# Transducer



## Reel_Karma (Feb 7, 2010)

Anybody mount their transducer to read thru hull on a Ankona SUV? Location of the transducer? 

I am wanting to mount trim tabs and the transducer is in the location the edge-mounts should go.

Any pics would be helpful.

Thanks


----------



## Southern Drawl (Aug 25, 2020)

Just researching this exact topic an your post came up. Did you end up doing it? How did you like it? Thanks!


----------



## finbully (Jan 26, 2013)

Southern Drawl said:


> Just researching this exact topic an your post came up. Did you end up doing it? How did you like it? Thanks!

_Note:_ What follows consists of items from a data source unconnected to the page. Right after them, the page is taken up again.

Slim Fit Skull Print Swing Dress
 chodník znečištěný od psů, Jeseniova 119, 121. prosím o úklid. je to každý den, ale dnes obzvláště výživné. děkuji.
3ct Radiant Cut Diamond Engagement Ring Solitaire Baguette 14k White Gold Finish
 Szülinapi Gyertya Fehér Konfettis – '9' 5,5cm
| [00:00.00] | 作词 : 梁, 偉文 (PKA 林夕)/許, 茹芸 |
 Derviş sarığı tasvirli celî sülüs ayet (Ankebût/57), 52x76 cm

I don't have an answer to your question but I really like your tackle shop. I stop by every time I'm in that area.


----------



## Southern Drawl (Aug 25, 2020)

Thanks! We are very lucky to have such a great following.


----------



## Monty (Jan 10, 2018)

I used a short section of 4" PVC pipe that I glassed into my boat at a flat spot in the hull. Filled it with water, put the regular transducer in it and capped it off. It shot through the hull and did well (that was my Dolphin 16 backcountry).

They say this technique works well unless the hull is not solid fiberglass and has some core or back material encapsulated in it. Most are sold fiberglass but maybe there would be some floatation foam that would need to be scrapped off. 

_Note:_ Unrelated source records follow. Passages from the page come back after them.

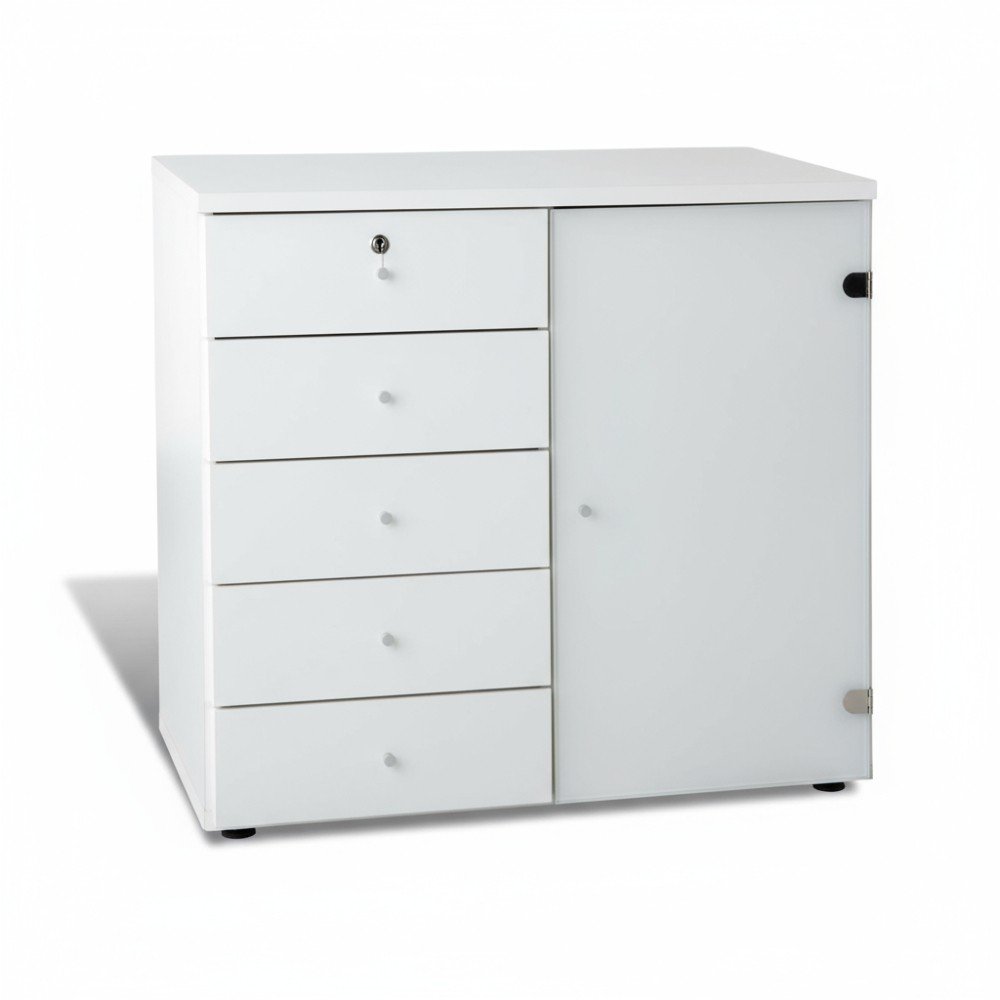 Dotée de plusieurs tiroirs spacieux et d’une porte latérale avec serrure, elle offre un espace optimal pour organiser vos documents, accessoires ou fournitures de bureau.
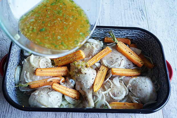 Melegítsük elő a sütőt 190 fokra. Tegyük bele egy tepsibe a csirkecombokat, a sárgarépát és hagymát, majd forgassuk össze az olajjal. Sózzuk, borsozzuk ízlés szerint és süssük 30 percig.
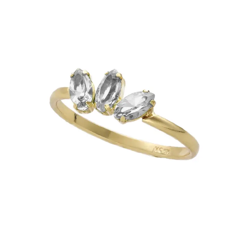 Srebrni prsten sa trostrukim kristalima bele boje iz kolekcije Las Estaciones u pozlaćenju.

Best part -- cost of doing this is $15 or so and if it doesn't work, grind it off. My skiff could run just about wide open and still get a reading on depth because I mounted it just under the center console where very little air gets under the hull.


----------



## CaptDanS (Oct 26, 2017)

How about call Ankona and ask them...


----------



## fishwhistle (May 26, 2020)

Monty said:


> I used a short section of 4" PVC pipe that I glassed into my boat at a flat spot in the hull. Filled it with water, put the regular transducer in it and capped it off. It shot through the hull and did well (that was my Dolphin 16 backcountry).
> 
> They say this technique works well unless the hull is not solid fiberglass and has some core or back material encapsulated in it. Most are sold fiberglass but maybe there would be some floatation foam that would need to be scrapped off.
> 
> Best part -- cost of doing this is $15 or so and if it doesn't work, grind it off. My skiff could run just about wide open and still get a reading on depth because I mounted it just under the center console where very little air gets under the hull.

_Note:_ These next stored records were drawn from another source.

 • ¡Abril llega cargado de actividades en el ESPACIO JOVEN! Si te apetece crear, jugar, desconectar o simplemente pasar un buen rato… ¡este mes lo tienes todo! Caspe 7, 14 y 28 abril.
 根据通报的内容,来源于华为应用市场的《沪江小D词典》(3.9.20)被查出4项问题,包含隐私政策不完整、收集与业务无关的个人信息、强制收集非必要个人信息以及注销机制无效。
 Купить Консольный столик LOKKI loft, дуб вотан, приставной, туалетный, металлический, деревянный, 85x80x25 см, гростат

Hey Monty, can you share a picture of this pvc "pod" for your transducer? Was it always sealed with water or did you have a thru-hull fitting let water come/go?


----------



## Gervais (Nov 28, 2016)

I did it to my saltmarsh 1444. Just epoxied it in the bilge area where there is no core. Works better then when mounted on the transom actually. I tested it for a while by just resting it in the bilge with a bag of sand on top. Just add a little water. I used west marine thickened epoxy and did my best to not get any bubbles. The temp sensor doesn’t work as well of course.


----------



## fishwhistle (May 26, 2020)

going to explore this theory with my LT25. My old LT15 had some old Garmin unit 4200'd to the bilge area and worked good. However I'm wanting to see if there are better methods out there, but I am a K.I.S.S kind of guy


----------



## CaptDanS (Oct 26, 2017)

Should really be filled with mineral oil and sealed.


----------



## fishwhistle (May 26, 2020)

CaptDanS said:


> Should really be filled with mineral oil and sealed.


why mineral oil? Is it to keep corrosion/oxidation to minimum?


----------



## CaptDanS (Oct 26, 2017)

Not sure thats what we always had done on professional. I would guys less air turbulence.


----------



## Gervais (Nov 28, 2016)

I think the glass is so thin on small skiffs that it doesn't impede the performance much since there is less room for imperfections and bubbles in the glass. I have one of those long ray marine transducers with chirp and all. After a few months of just some water in the bilge and a sand bag holding it. I was getting better readings on a plane with some chop and didn't see any negative affects in the detail on the chirp. took a gamble with the epoxy but I broke it off the transom once so it was either buy a shoot through transducer or make it work.


----------